DV-induced NET formation occurs via CLEC5A and TLR2 in vivo
We further examined NET formation after DV infection in vivo, where NETs were characterized by the presence of DNA (Hoechst 33342, blue), MPO (red), and histone (green) in mouse spleens (Supplementary Fig. 2) and quantified by determining the amounts of citrullinated histone H3 (Fig. 6a, c) and MPO (Fig. 6b, c) in spleens. We found that both citrullinated histone H3 and MPO were highly elevated in DV-infected stat1−/− mouse spleens (upper panels, Fig. 6a, b), but significantly reduced in stat1−/−clec5a−/− spleens (lower panels, Fig. 6a, b). Injection of DNase I or anti-TLR2 mAb further reduced the amounts of citrullinated histone and MPO (middle and right columns, Fig. 6a, b). Thus, we conclude that DV-induced NET formation in vivo occurs via activation of CLEC5A and TLR2.
Simultaneous blockade of CLEC5A and TLR2 inhibits inflammation and increases survival of DV-infected mice
Proinflammatory cytokines play crucial roles in the pathogenesis of dengue hemorrhagic shock13, thus we asked whether DV-EVs also trigger proinflammatory cytokine release from macrophages. Compared to DV, DV-EVs induced higher amounts of TNF-α and IL-6 from macrophages (Fig. 7a). Moreover, both anti-CLEC5A mAb and anti-TLR2 mAb inhibited DV-EVs-induced proinflammatory cytokine release in vitro (Fig. 7b). We went on to examine the expression of proinflammatory cytokines in vivo. Compared to stat1−/− mice, stat1−/−clec5a−/− mice produced less proinflammatory cytokines after DV infection (Fig. 7c). Injection of anti-TLR2 mAb further suppressed proinflammatory cytokine production in stat1−/− and stat1−/−clec5a−/− mice (black columns, Fig. 7c). This observation suggests that DV infection leads to activation of CLEC5A-mediated and TLR2-mediated pathways to induce proinflammatory cytokine release.
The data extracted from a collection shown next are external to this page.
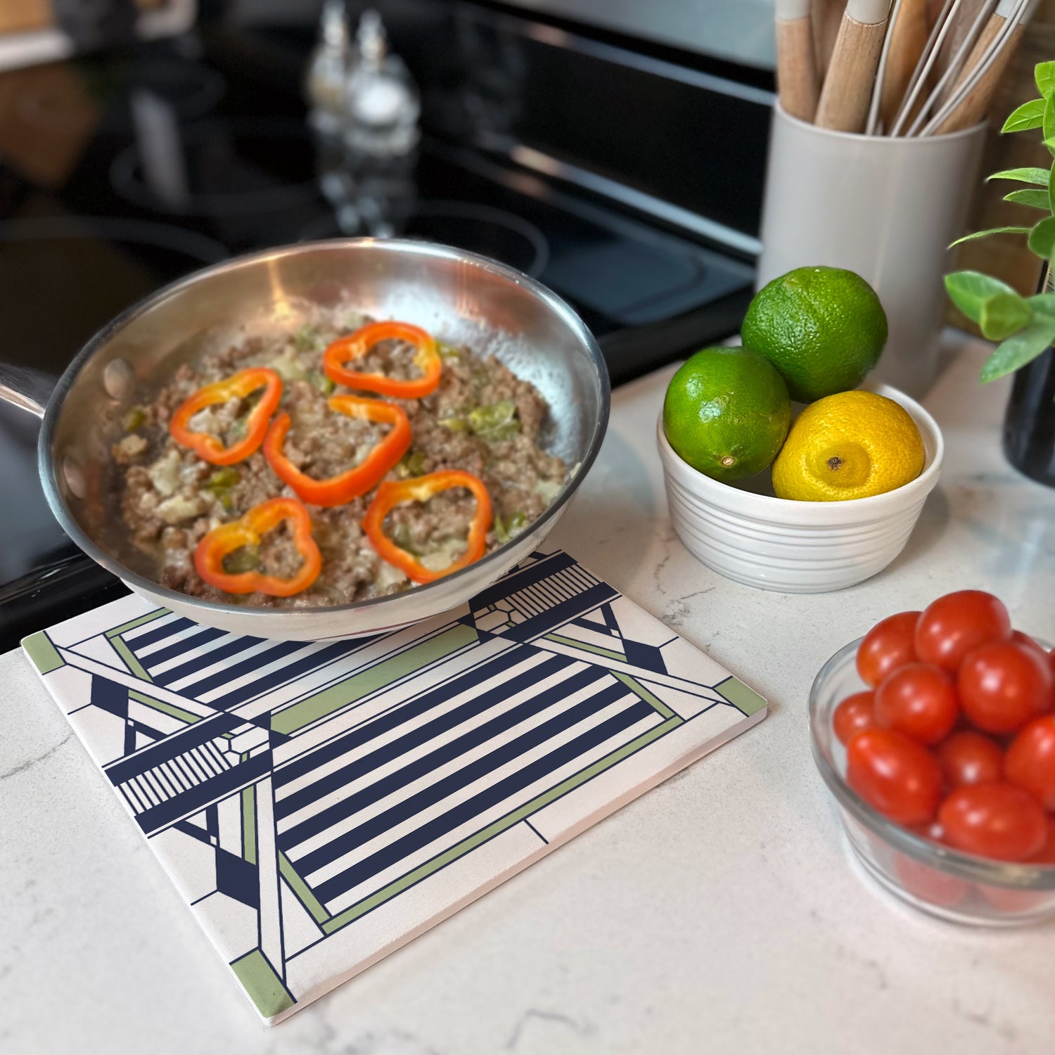 Frank Lloyd Wright's Evans House Design on 8" Square Stone Trivet Manufactured in the USA
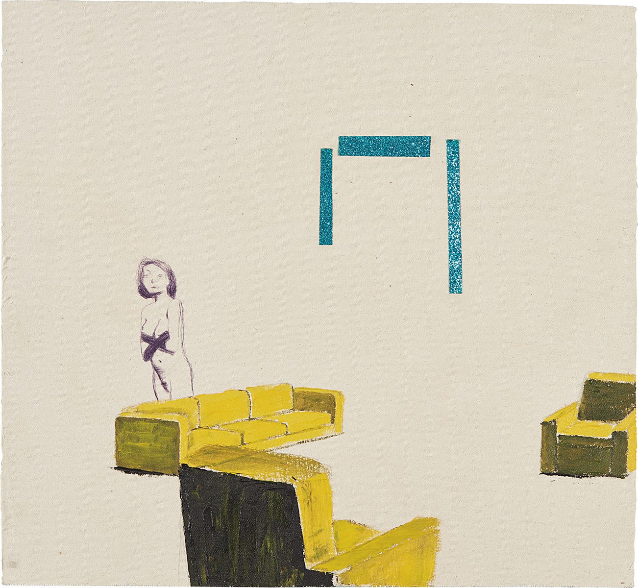oil, glitter tape and ballpoint pen on canvas, mounted on board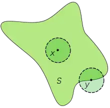 Точка Х є внутрішньою для множини S, а точка У — ні, оскільки будь-який її окіл виходить за межі множини S.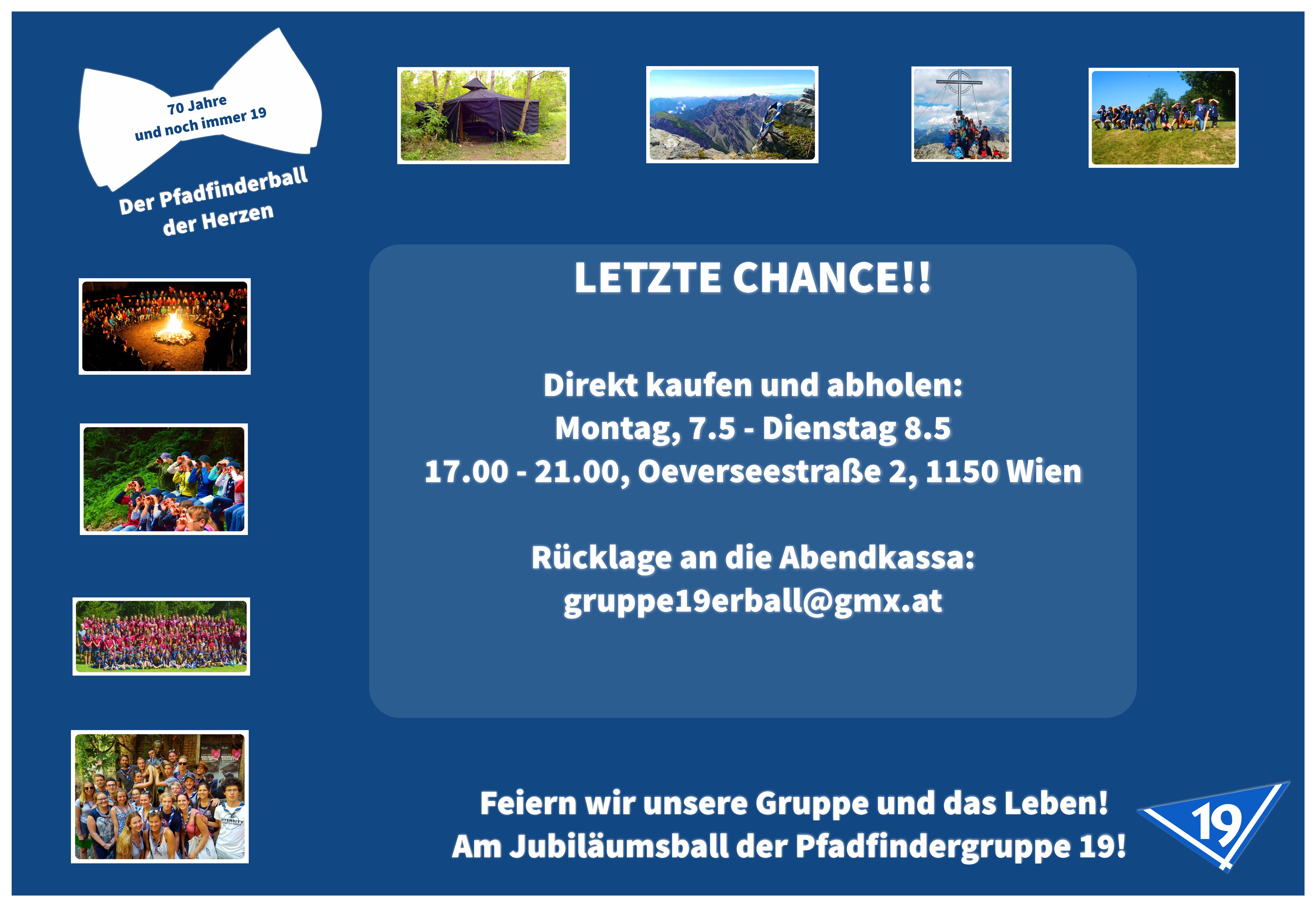 Deine Tickets kannst du dir auch zurücklegen lassen. Schreibe einfach ein Mail an: gruppe19erball@gmx.at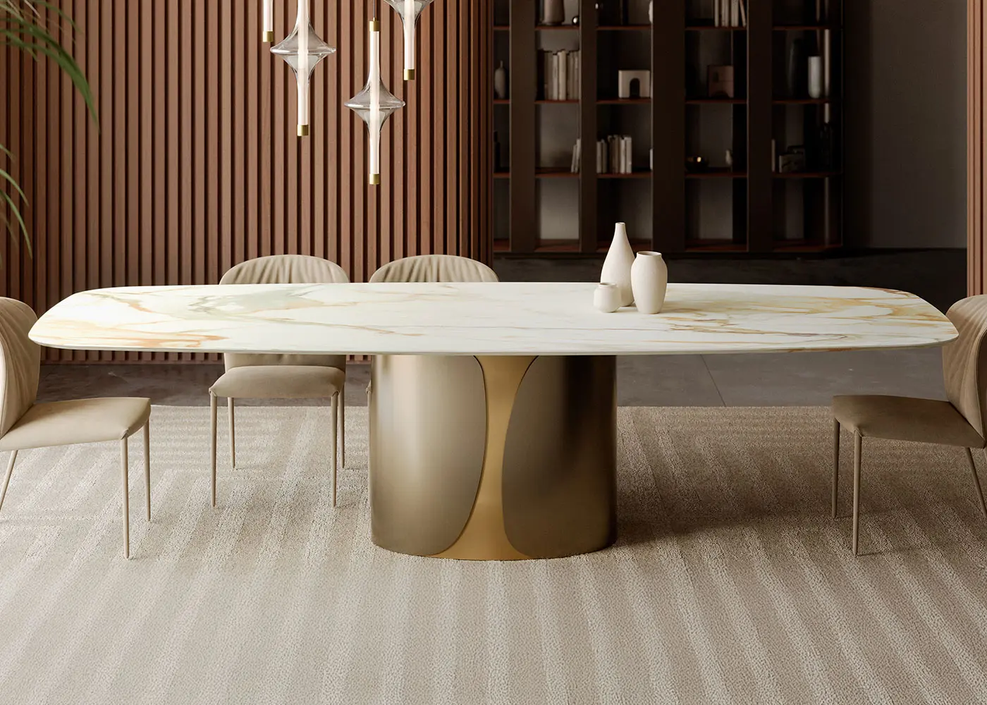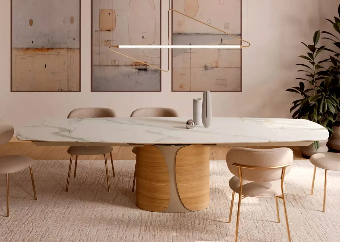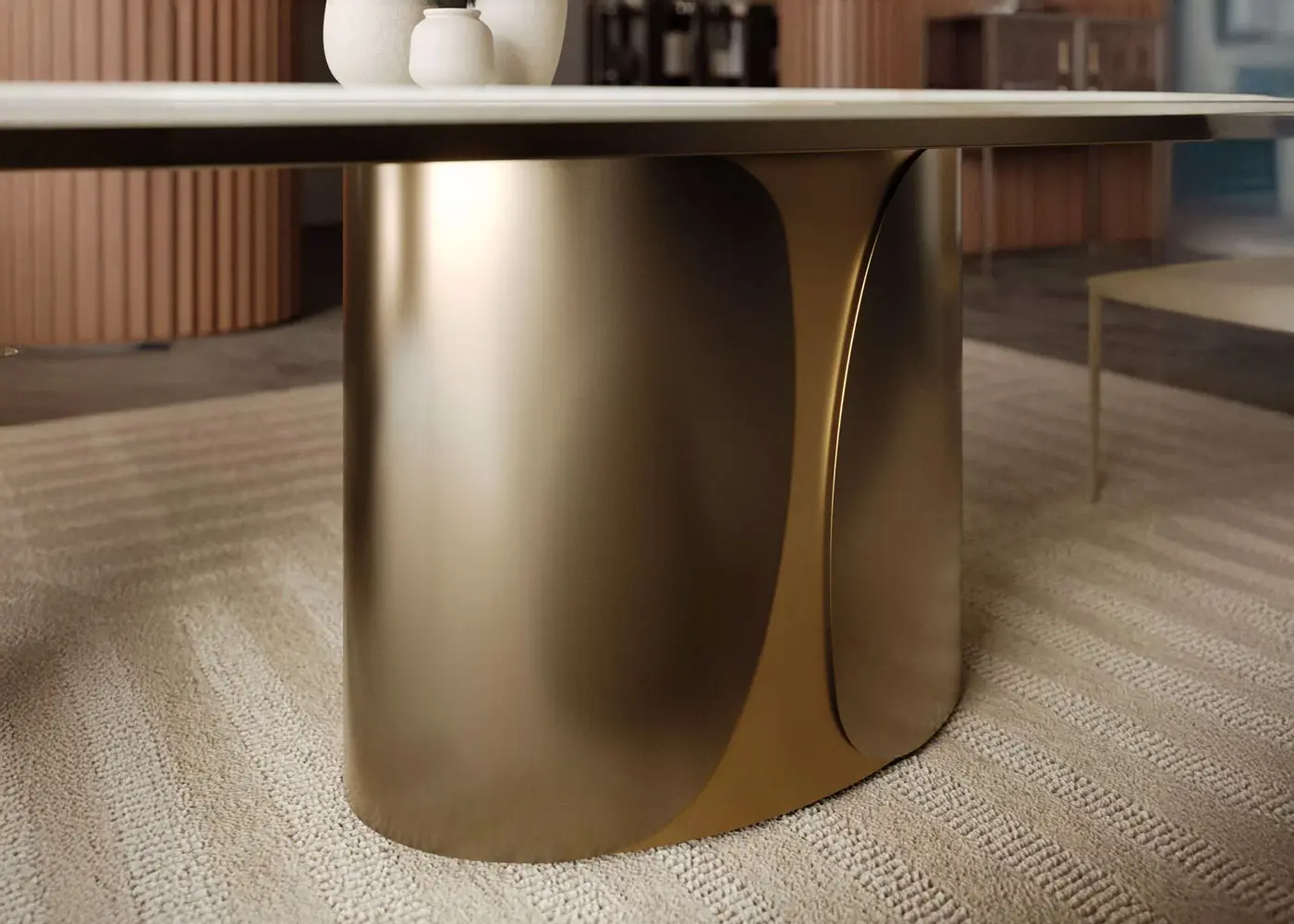 Talos is a table that commands space with solid elegance and architectural presence. Its defining feature is the monolithic elliptical base, composed of two symmetrical shells that embrace the central body. In the metal version, the base stands out for its refined colour combinations, creating either visual vibrations or sophisticated tone-on-tone effects. In the alternation between metal and wood, on the other hand, the warmth of natural materials merges with the sheen of metallic finishes, achieving a harmonious balance between texture and precision. In every version, Talos retains its theatrical identity and commanding presence, shaping the space with charisma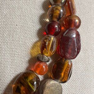 Boho Glass Beaded Fall Colors Red Orange Honey Amber Brass Tone Costume Necklace

We investigated the protective effects of anti-TLR2 mAb in stat1−/− and stat1−/−clec5a−/− mice after DV infection. While all stat1−/− mice died by 16 days post-DV infection, stat1−/−clec5a−/− mice were more resistant to DV infection (30% survival at 21 days). Anti-TLR2 mAb delayed, but did not prevent, the death of stat1−/− mice after DV infection (left, Fig. 7d). However, anti-TLR2 mAb increased the survival rate of stat1−/−clec5a−/− mice to 90% after DV infection (right, Fig. 7d). These observations suggest that simultaneous blockade of TLR2 and CLEC5A can further reduce DV-induced inflammatory reactions and protect mice from DV-induced lethality.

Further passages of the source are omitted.